Question

A bar magnet $30cm$ long is placed in the magnetic meridian with its north pole pointing south. The neutral point is observed at a distance of $30cm$ from its one end. Calculate the pole strength of the magnet. Given horizontal component of earth’s field is ${B_H} = 0.34G$
(A) $4.3Am$
(B) $5.2Am$
(C) $6.9Am$
(D) $8.6Am$

Answer 1

Hint: In order to solve this question, you need to know the terms used here and also know what is to be found out. The magnetic meridian is the line which passes through the north and south poles.
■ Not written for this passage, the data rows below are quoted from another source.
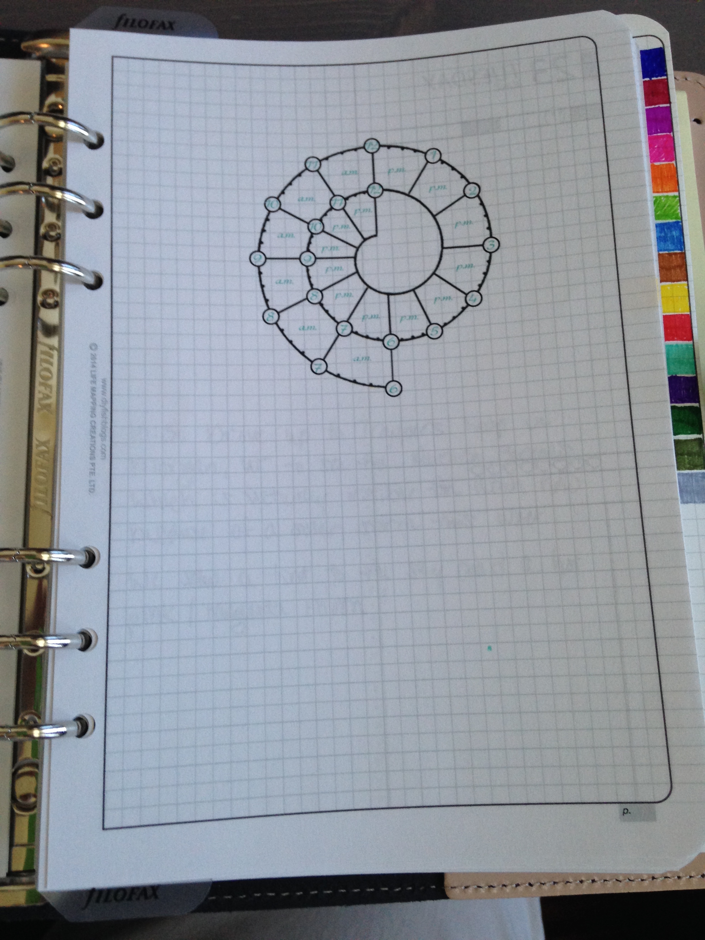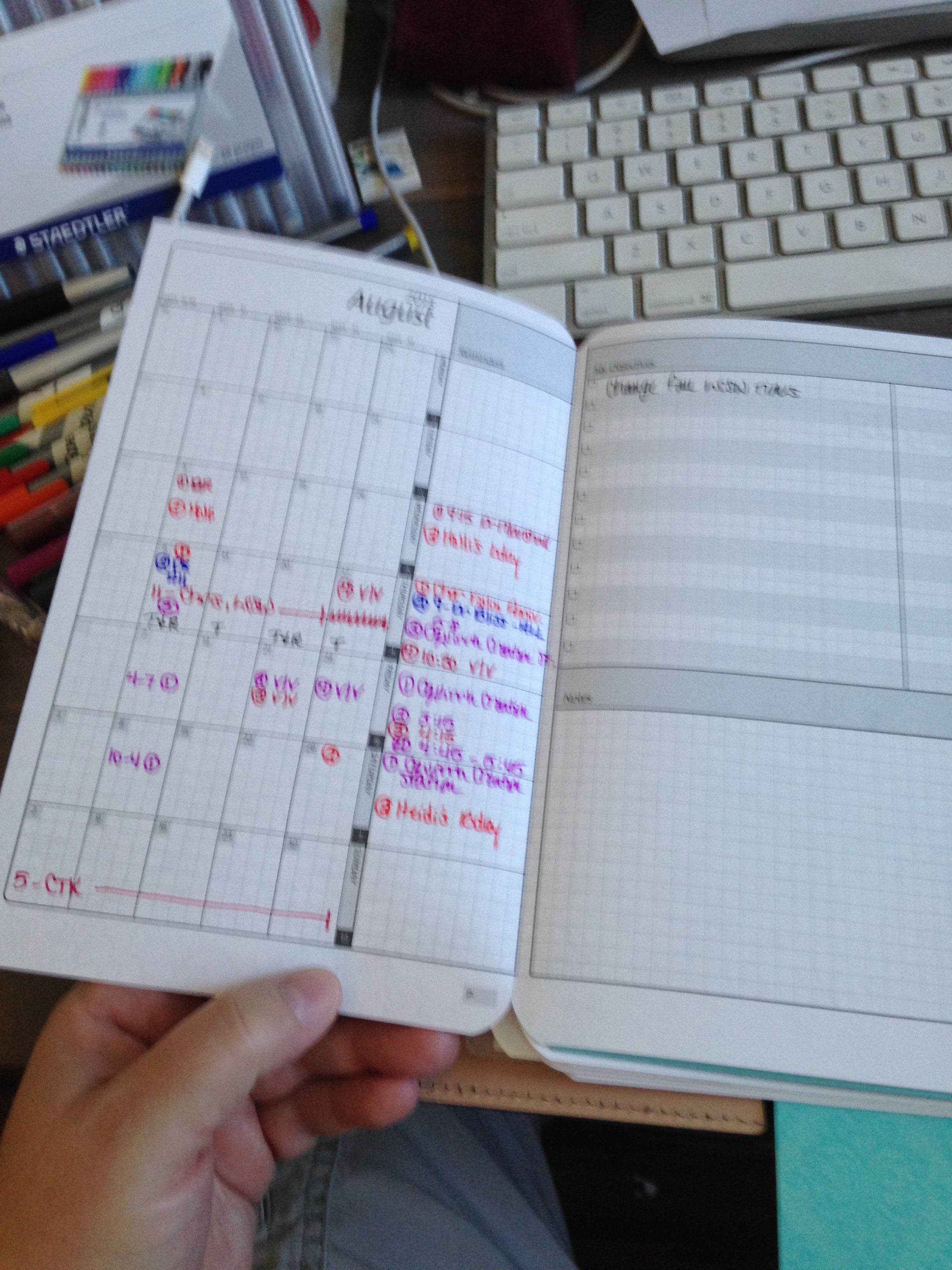 At the end of my month, behind the weekly and daily pages and sticking out on the side so I can see the colors easily, I have a color coding tab.
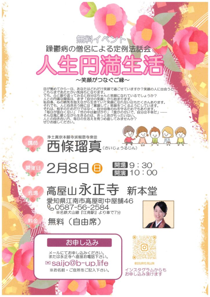 西條瑠真さん「人生円満生活」2/8(日)10時 永正寺『定期法話会』毎月8日開催 2026.02.04 西條瑠真さん「人生円満生活」2/8(日)10時永正寺『定期法話会』毎月8日開催 定期法話会 お問い合わせは、永正寺(0587-56-2584)へお願いいたします。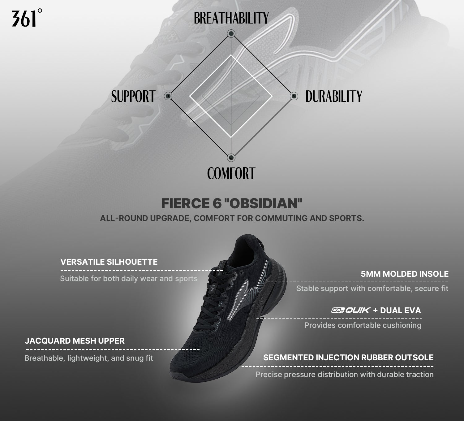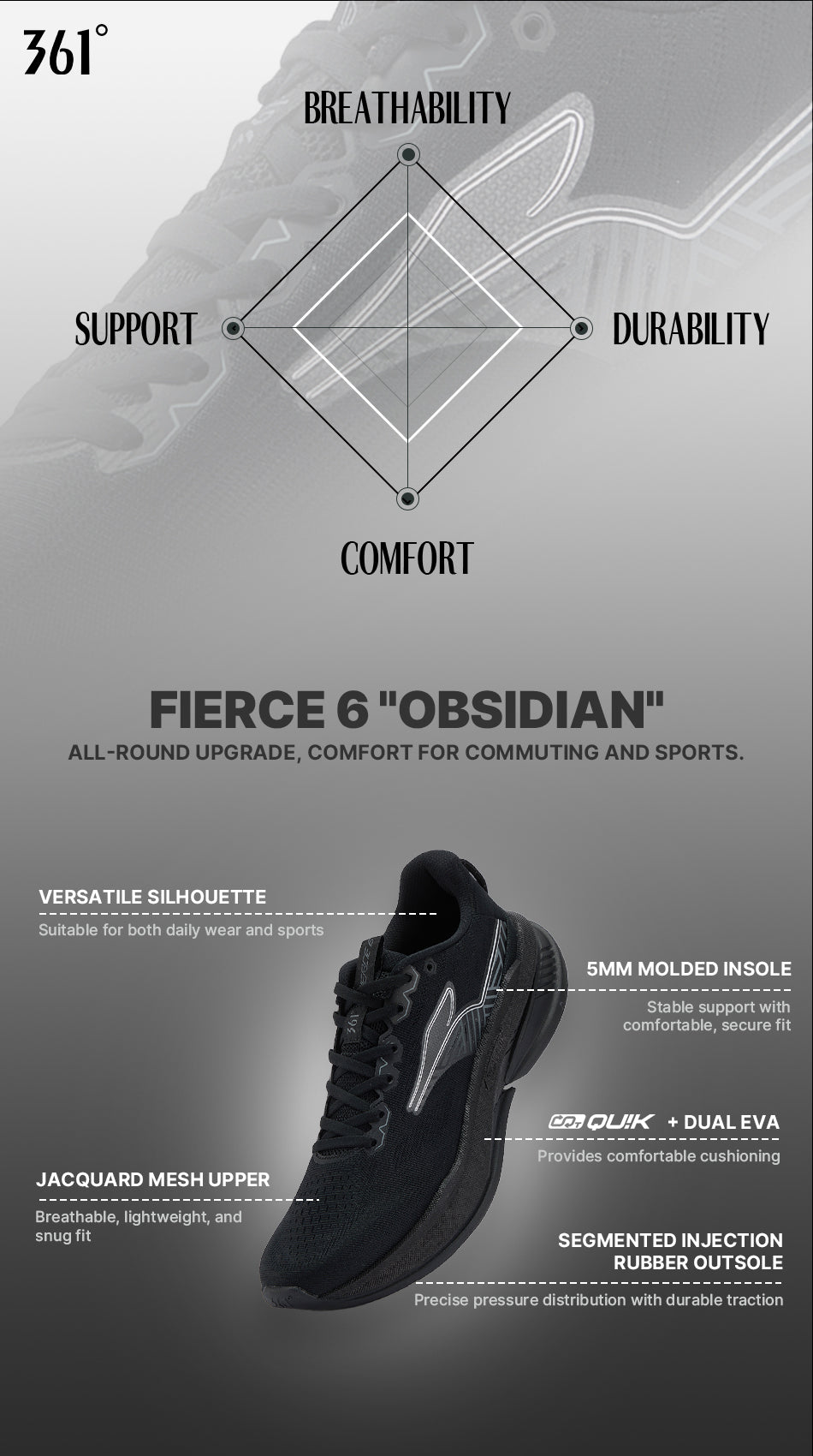 The CQT QU!K top layer delivers high rebound, while dual EVA beneath provides stable support for fatigue-free long walks. A molded insole supports the arch, and medial EVA helps prevent overpronation. Durable outsole ensures reliable grip, and the jacquard upper stays breathable—comfortable for both commuting and exercise.

A neutral point is a point where the net magnetic field due to magnet and earth is equal to zero. Pole strength is defined as the magnetic moment divided by the magnetic length. Use the appropriate formula in order to find the pole strength of the magnet.

Complete step by step answer:
When a magnet is placed in such a way that its north pole points towards the south, the neutral point is obtained at the axis of the magnet and as the point is said to be a neutral point, the magnitude of earth’s magnetic field is equal to the magnetic field of the magnet.
Therefore, we have, ${B_{magnet}} = {B_H}$

The magnetic field of the magnet at an axial point is given as
${B_{magnet}} = \dfrac{{{\mu _0}}}{{4\pi }}\dfrac{{2Md}}{{{{\left( {{d^2} - {l^2}} \right)}^2}}}$ where $M$ is the magnetic moment.
Given: $d = 30cm = 03m$, $2l = 30cm \to l = 0.15m$ and ${B_H} = 0.34G = 0.34 \times {10^{ - 4}}T$.Let us substitute these values and find the magnetic moment.
\[
M = \left( {{B_{magnet}}} \right)\left( {\dfrac{{4\pi }}{{{\mu _0}}}} \right)\left( {\dfrac{{{{\left( {{d^2} - {l^2}} \right)}^2}}}{{2d}}} \right) \\
\Rightarrow M = \left( {{B_H}} \right)\left( {\dfrac{{4\pi }}{{{\mu _0}}}} \right)\left( {\dfrac{{{{\left( {{d^2} - {l^2}} \right)}^2}}}{{2d}}} \right) \\
\Rightarrow M = \left( {0.34 \times {{10}^{ - 4}}} \right)\left( {\dfrac{1}{{{{10}^{ - 7}}}}} \right)\left( {\dfrac{{{{\left( {{{0.3}^2} - {{0.15}^2}} \right)}^2}}}{{2 \times 0.3}}} \right) \\
\Rightarrow M = 2.582A{m^2} \\ \]
So, pole strength of the magnet will be,
$\therefore m = \dfrac{M}{{2l}} = \dfrac{{2.582}}{{0.3}} = 8.607Am$
Therefore, the magnetic pole strength of the given magnet is $8.6Am$.

Hence, option D is correct.

Note:You should always keep in mind the value of the quantity $\dfrac{{{\mu _0}}}{{4\pi }}$ which is $1 \times {10^{ - 7}}$. Also remember that the neutral point is defined as the point where the net magnetic field due to magnet and earth is zero. In case where the north pole of the magnet points towards the south pole of the earth, the magnetic field along the axis of the magnet will be given by ${B_{magnet}} = \dfrac{{{\mu _0}}}{{4\pi }}\dfrac{{2Md}}{{{{\left( {{d^2} - {l^2}} \right)}^2}}}$. Also remember to convert the units of the given quantities appropriately.